Em contraste, a nossa Via Láctea contém aproximadamente 180 aglomerados globulares azuis e vermelhos. Isto deve-se em parte ao fato de que a Via Láctea continua a canibalizar galáxias que passam demasiado perto no nosso Grupo Local de algumas dúzias de galáxias pequenas.
A NGC 1277 vive num ambiente marcadamente diferente. Situa-se perto do centro do aglomerado de galáxias Perseu, com mais de 1.000 galáxias, a 240 milhões de anos-luz de distância. Mas a NGC 1277 move-se tão depressa através do aglomerado, a 3,2 milhões de quilômetros por hora, que não consegue fundir-se com outras galáxias para recolher estrelas ou para puxar gás para alimentar a sua formação estelar. Além disso, perto do centro do aglomerado de galáxias, o gás intergaláctico é tão quente que não consegue arrefecer para condensar e formar estrelas.

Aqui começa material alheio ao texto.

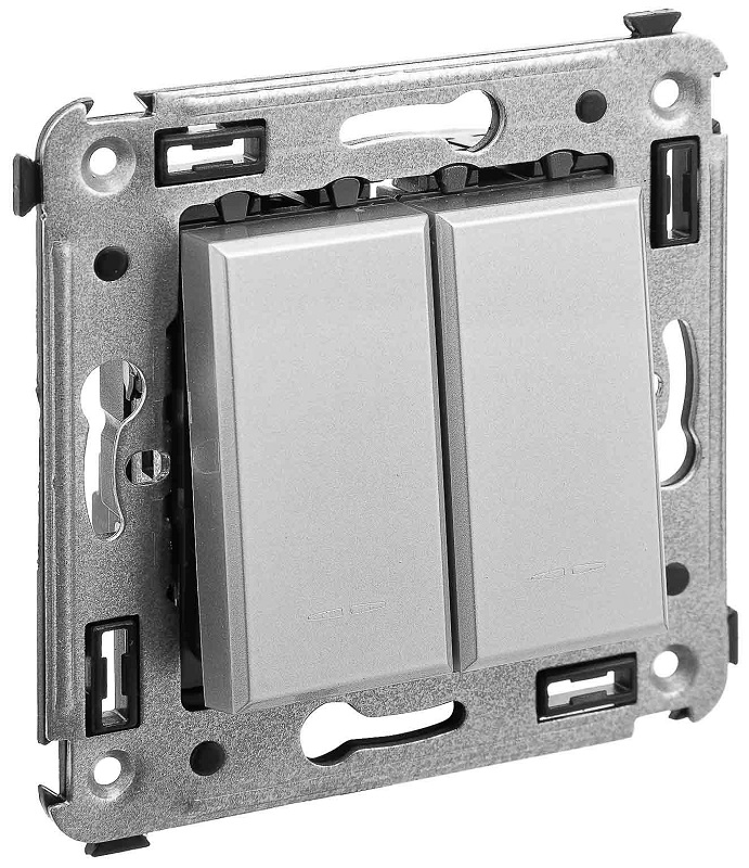 Двухклавишный выключатель ДКС используется для управлением контуром освещения. Выключатель предназначен для скрытого монтажа в стену. Номинальное напряжение – 230 В, номинальный ток – 16 А.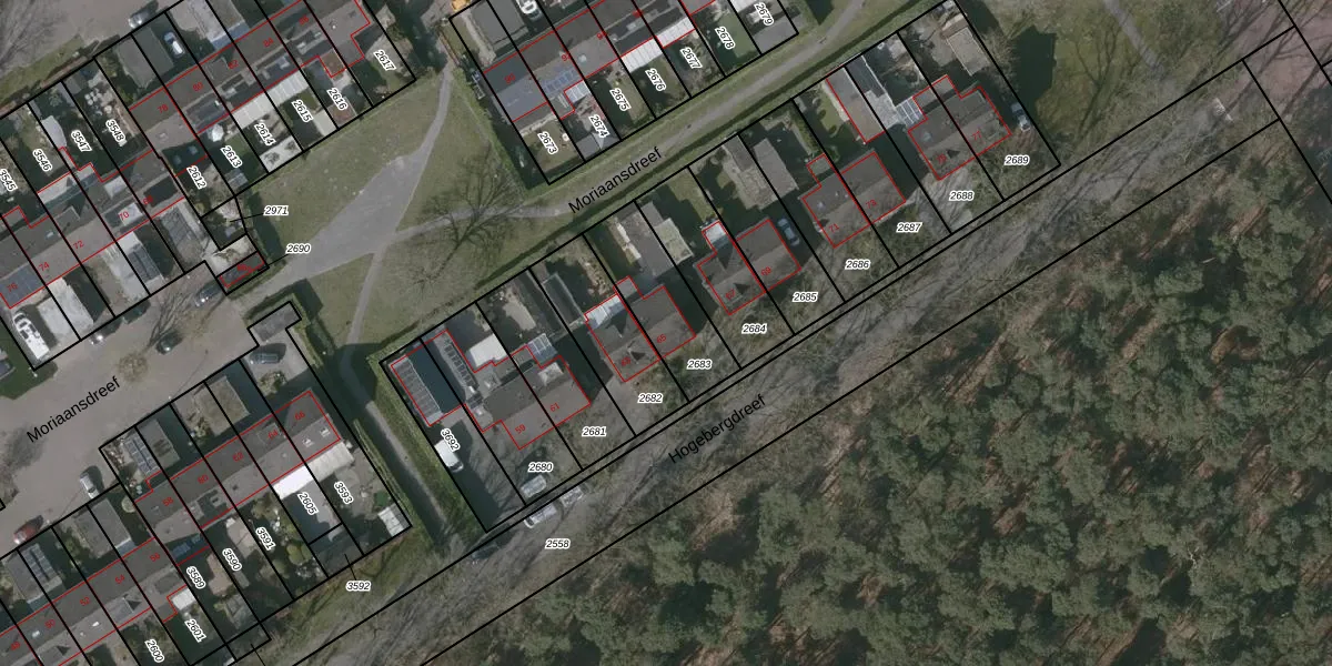 Het perceel waarop Hogebergdreef 65 staat heeft een oppervlakte van 281 m². Dit is een middelgroot perceel. De perceeloppervlakte wordt geregistreerd door het Kadaster. Gedetailleerde informatie over de maten van dit perceel kunt u vinden in het rapport Kadastrale kaart met maatvoering van Hogebergdreef 65.

A equipe começou a procurar galáxias neste estado no levantamento SDSS (Sloan Digital Sky Survey) e encontrou 50 galáxias compactas massivas. Usando uma técnica semelhante, mas numa amostra diferente, a NGC 1277 foi identificada como única, pois possui um buraco negro central que é muito mais massivo do que deveria ser para uma galáxia deste tamanho. Isto reforça o cenário de que o buraco negro supermassivo e o centro denso da galáxia cresceram simultaneamente, mas a população estelar da galáxia parou de crescer e de se expandir porque não tinha material do exterior.
O futuro telescópio espacial James Webb da NASA (com lançamento previsto para 2019) permitirá aos astrônomos medir os movimentos dos aglomerados globulares na NGC 1277. Isto proporcionará a primeira oportunidade de medir a quantidade de matéria escura que a galáxia primordial contém.
Os resultados foram publicados na revista científica Nature.